Dice probability when a number is disallowed in the first round

Question

In the game Settlers of Catan a player starts each turn rolling 2 six sided dice. There's a variation of the game where if a 7 is rolled in the first round of a game (a 'round' is when each player has taken a turn) it doesn't count an needs to be re-rolled. This must lower the overall probability of a 7 being rolled for the rest of the game (and I'd imagine increase the odds for all the other numbers). How would this probability be calculated?

Answer 1

There are exactly 6 ways to roll a seven with two dice:

\begin{array}{|c|c|} \hline \text{First die} & \text{Second die} \\ \hline 1 & 6 \\ \hline 2 & 5 \\ \hline 3 & 4 \\ \hline 4 & 3 \\ \hline 5 & 2 \\ \hline 6 & 1 \\ \hline \end{array}

The total number of ways of rolling two dice is $6 \times 6 = 36$, since there are $6$ ways of rolling each die individually. Therefore, if you don't reroll sevens, you will get a seven with probability $\frac{6}{36} = \frac16$.

If you do reroll sevens, during the time you reroll them you will have $0$ probability of getting a seven. You will keep rerolling until you get some other case, and each other case is still equally likely, so now there are only $36 - 7 = 29$ cases left, instead of the usual $36$.

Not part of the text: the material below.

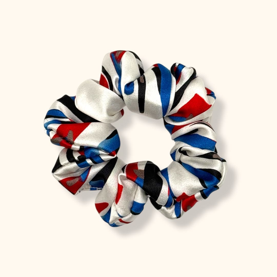 • Balta su raudonos bei mėlynos spalvos ornamentais ,,Midi” gumelė – žaisminga ir subtili plaukų detalė.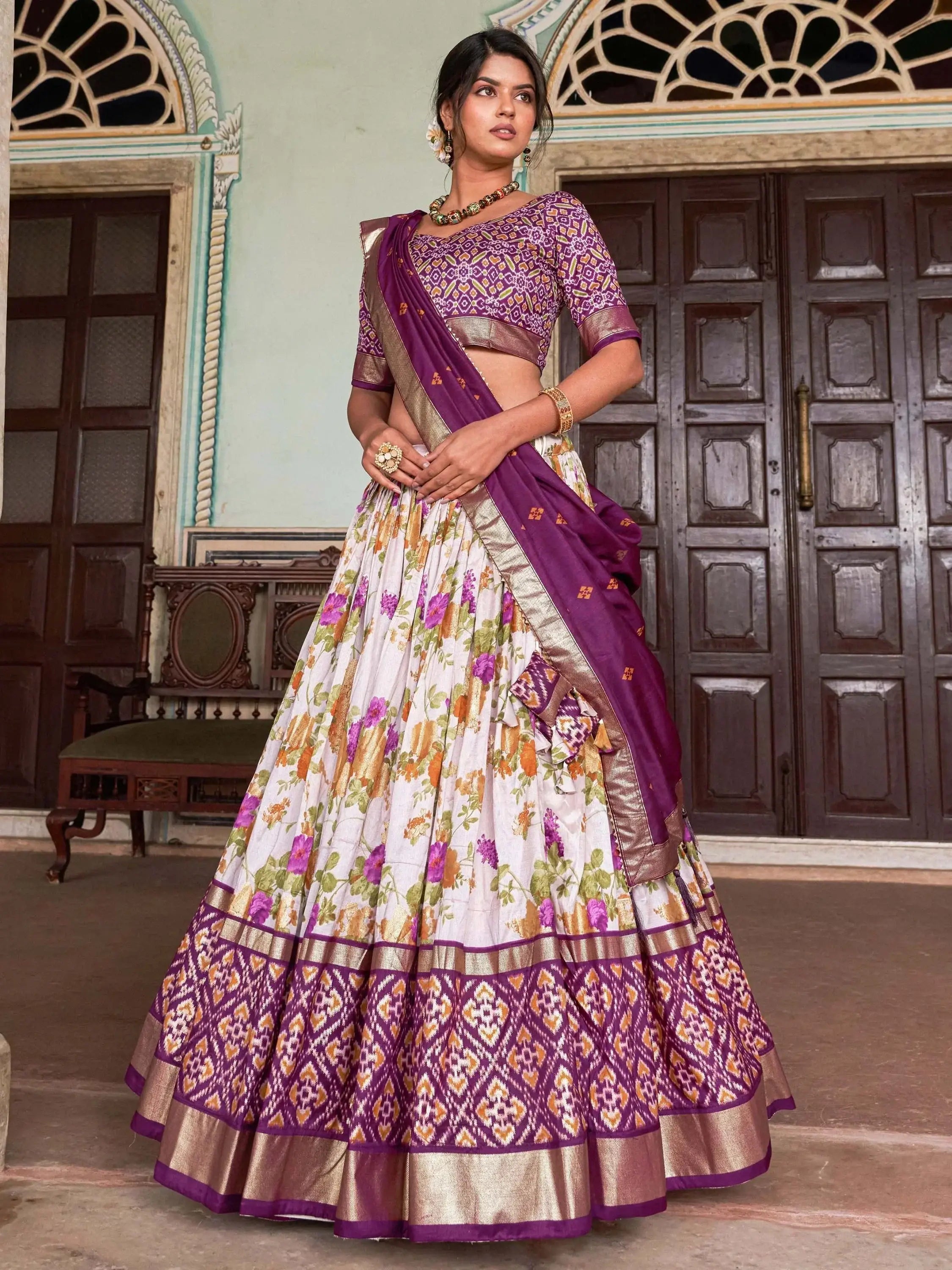Our "beautiful white & wine floral printed silk Navaratri wear lehenga choli" is a must-have addition to your ethnic wear collection. Make a statement at any special event by draping this beautiful lehenga choli and pairing it with stylish accessories. Don't miss out on this exquisite ensemble that is sure to make you the center of attention wherever you go.

The effect of the first round of the game has no bearing on the probability of a seven being rolled for the rest of the game. This is the nature of probability; the two parts of the game are entirely independent. However, one other thing we can compute that maybe you wanted to know is how much rerolling sevens increases the probability of rolling other things. Well, each individual case (such as 1, 1 or 3, 1) now has probability $\frac1{29}$ of being rolled instead of the original $\frac{1}{36}$, so the probability has increased by $$ \frac{1/29}{1/36} = \frac{39}{29} \approx 1.24137 $$ when sevens are rerolled. So each number (2,3,4,5,6,8,9,10,11,12) appears about $24$ percent more often than normal during the first round.